On the cusp of the First World War, the global transition from coal to oil as the predominant energy source for technological, military, and industrial purposes markedly augmented the strategic value of oil, a prominence it retained for subsequent decades. In reaction, the British government, which possessed a 51 per cent stake in the Anglo-Persian Oil Company, sanctioned a significant expansion of the industry within its sphere of indirect influence. As petroleum demand escalated during the conflict, this enlargement necessitated the prioritisation of workforce allocation and maintenance, essential for producing petroleum in its varied forms. In response, a novel labour recruitment policy was instituted in collaboration with the British Indian Raj, extending the scope of recruitment beyond the borders of Iran through the Persian Gulf. As the war intensified, the strategic significance of Iran – highlighted by its extensive oil reserves and the proximity of its oil fields and refinery to the Mesopotamian front – transformed it from a marginal theatre of war into a pivotal military operations centre, thereby rendering it a sustained zone of conflict. This shift profoundly affected the operations and security of the Iranian oil industry and markedly influenced the working and living conditions of the labour force throughout the duration of the war.

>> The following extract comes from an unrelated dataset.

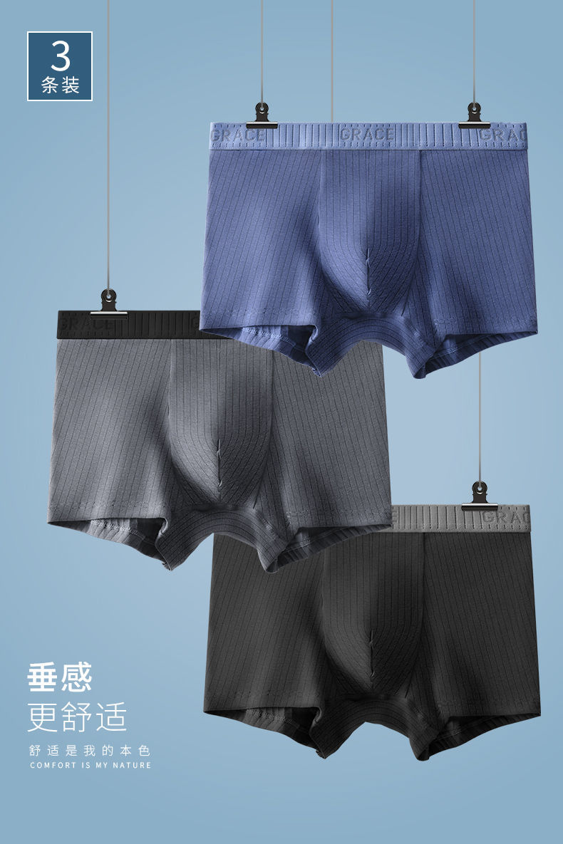 洁丽雅男士内裤纯棉透气中腰舒适平角裤学生春夏季新款吸汗裤衩

Initially neutral in the Second World War, Iran was drawn into the conflict due to its strategic location and economic importance, particularly its oil resources. After the German attack on the Soviet Union, Iran’s position south of the Soviet borders became crucial for supporting the eastern front. Consequently, British, and Soviet forces occupied Iran in August 1941, transforming it into the ‘Bridge of Victory.’ This geopolitical significance post-war laid the groundwork for the Cold War. The narrative then shifts to explore Iran’s role during and after the war, focusing on the Iranian oil industry. It delves into the working and living conditions of the oil workers, the organisation of labour, the rise of political radicalism, and the involvement of political parties. A detailed analysis of the bloodiest labour conflict in 1946 highlights the long-term impact of labour radicalism on the social lives of workers and probes the persistence of these radical movements. By connecting Iran’s wartime role to post-war developments, the analysis illuminates the profound effects of global conflicts on local industries and social structures.